**** AVAILABLE DATA ****

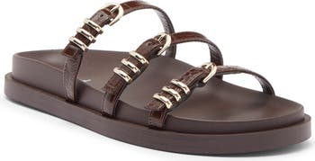 A contoured footbed supports your stride in an easy slide sandal secured by a trio of straps highlighted by buckled hardware.
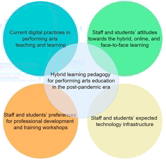 The survey was conducted among students and academic staff between September and October 2021, to validate the hybrid learning pedagogy and investigate the following four research questions (see Figure 1): (1) What are the current digital practices in performing arts teaching and learning?; (2) What are academic staff and students’ attitudes towards hybrid, online, and face-to-face learning based on their past learning experience?; (3) What are their preferences for professional development and training workshops?; and (4) How would the expected technology infrastructure improve teaching and learning quality. Furthermore, this study presents evidence on whether or not the virtual environment is beneficial for teachers’ teaching and students’ learning. It also reveals their readiness, preferences, and recommendations for further improvements.
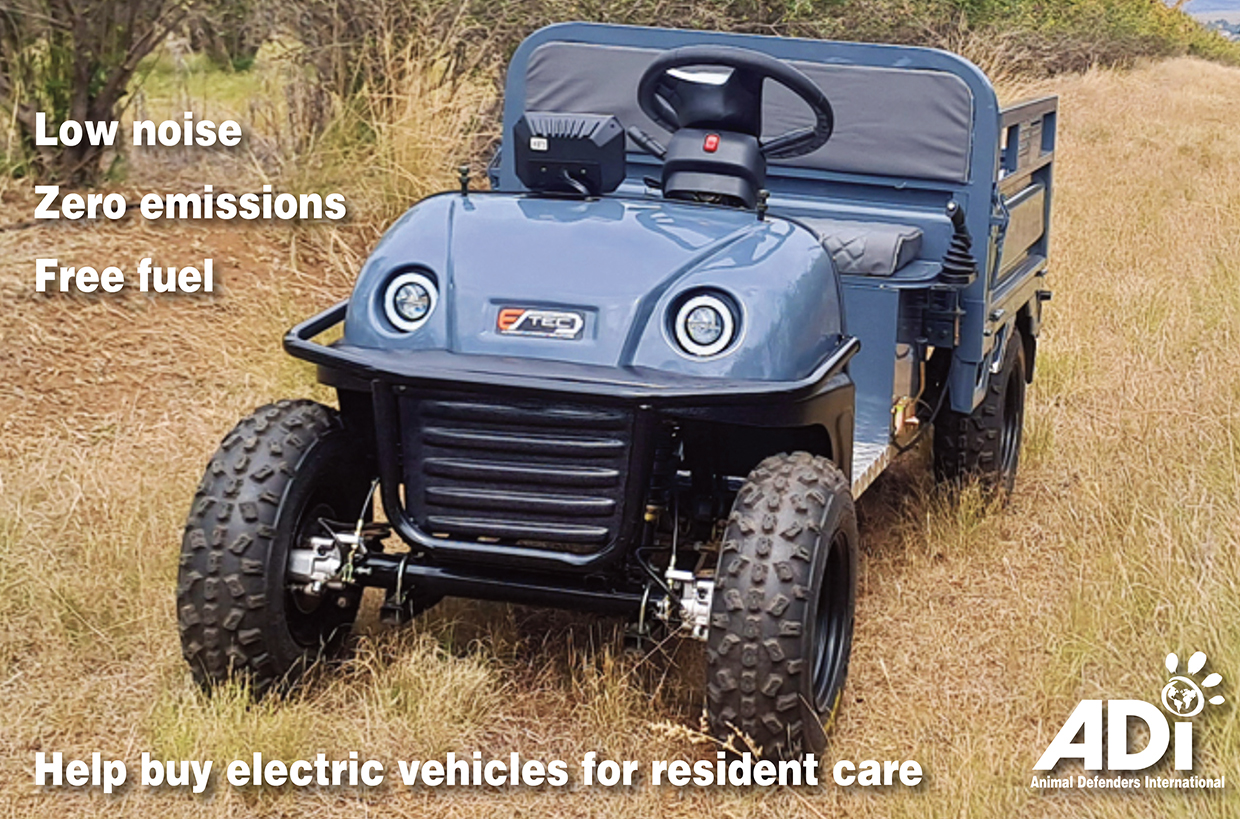 This weekend, I hope you will help me raise enough to purchase the first two electric off-road vehicles for the ADI Wildlife Sanctuary. Thanks to our first appeal we are closer to the target, and great news is that one of our Sanctuary Founders has offered a $3,500 / £2,600 match fund. This means that donations this weekend will be doubled, and we can purchase our first two Blitz Cruisers!

****

* **AIM OF THE EXERCISE**:
Please output all of the data exactly as given, omitting any images it holds.

* **RESULT OF THE EXERCISE**:
 A contoured footbed supports your stride in an easy slide sandal secured by a trio of straps highlighted by buckled hardware.
 The survey was conducted among students and academic staff between September and October 2021, to validate the hybrid learning pedagogy and investigate the following four research questions (see Figure 1): (1) What are the current digital practices in performing arts teaching and learning?; (2) What are academic staff and students’ attitudes towards hybrid, online, and face-to-face learning based on their past learning experience?; (3) What are their preferences for professional development and training workshops?; and (4) How would the expected technology infrastructure improve teaching and learning quality. Furthermore, this study presents evidence on whether or not the virtual environment is beneficial for teachers’ teaching and students’ learning. It also reveals their readiness, preferences, and recommendations for further improvements.
 This weekend, I hope you will help me raise enough to purchase the first two electric off-road vehicles for the ADI Wildlife Sanctuary. Thanks to our first appeal we are closer to the target, and great news is that one of our Sanctuary Founders has offered a $3,500 / £2,600 match fund. This means that donations this weekend will be doubled, and we can purchase our first two Blitz Cruisers!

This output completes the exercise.